There are two, relatively convenient ways to withdraw US Dollars from a bank in Monrovia: writing a check to yourself or wiring money to a local account from a bank in the US. This afternoon, I chose the former of the two and found myself carrying an uncomfortable amount of cash as I exited International Bank onto Broad Street.
One of four commercial banks in Liberia, IB was located within an UNMIL held area during the war, and has been active throughout the past 15 years of turmoil. This was also the case with the other four, commercial banks in Liberia, as well as the state owned Central Bank. International Bank sits across from the Executive Compound and Palm Hotel (and Chinese Restaurant). It is an American owned bank that acts as an intermediary for those wiring funds from abroad and cashes personal checks. At the teller wind charged me $18 for an “import tax,” which he explained was necessary because International Bank must import American Dollars. Though I hesitated at this explanation, the local accountant I was with assured me this was commonplace – and, more importantly, a lesser fee than I would have paid to wire the money.

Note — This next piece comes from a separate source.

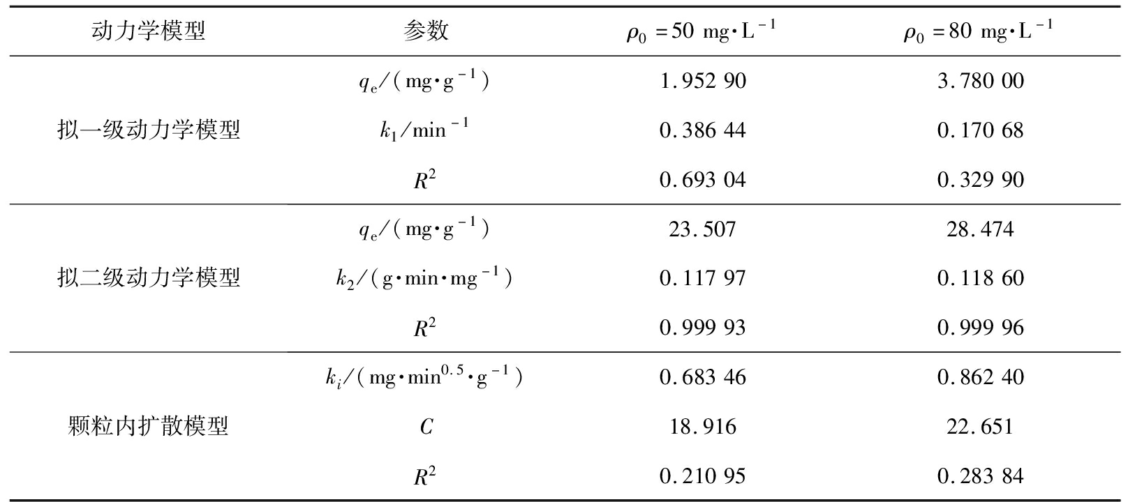 动力学模型参数ρ0=50mg·L-1ρ0=80mg·L-1拟一级动力学模型qe/(mg·g-1)1.952903.78000k1/min-10.386440.17068R20.693040.32990拟二级动力学模型qe/(mg·g-1)23.50728.474k2/(g·min·mg-1)0.117970.11860R20.999930.99996颗粒内扩散模型ki/(mg·min0.5·g-1)0.683460.86240C18.91622.651R20.210950.28384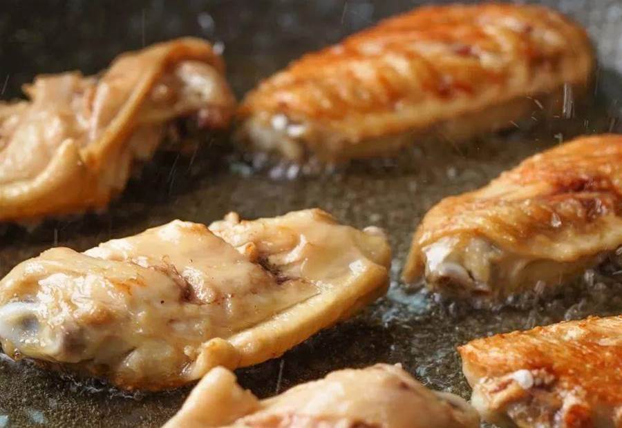熱鍋熱油,下雞翅煎至兩面金黃,加入1勺料酒、半勺老抽、半勺生抽翻炒至雞翅均勻上色。

My experience, on whole, was perfectly smooth. For most locals, however, this is generally not the case. In a recent conversation I learned that applying for a loan is a prohibitively complicated process. Take for instance, the process of property appraisal at the Liberian Bank of Development and Investment.
The Liberian Bank of Development and Investment (LBDI) is the largest Liberian run bank in the country. According to one Liberian friend, to have his property valued as leverage to take out a loan, the speculation process would take (“easily”) over a year. Furthermore, the bank would take the property at face value – meaning they would value an acre at the current price of an acre, rather than granting the owner a loan that would enable them to build on that acre. I am, admittedly, unfamiliar with the speculation process, and therefore unsure as to how common of a practice this is. I’ll do a bit of research on the topic, but I’m more than interested to hear any comments on this subject from anyone reading. Regardless, my friend attested to the fact that the process would be far easier and more lucrative for a Lebanese businessman or other international.
It will be interesting to follow LBDI transactions over the course of the year – or perhaps open an account to get a more intimate perspective.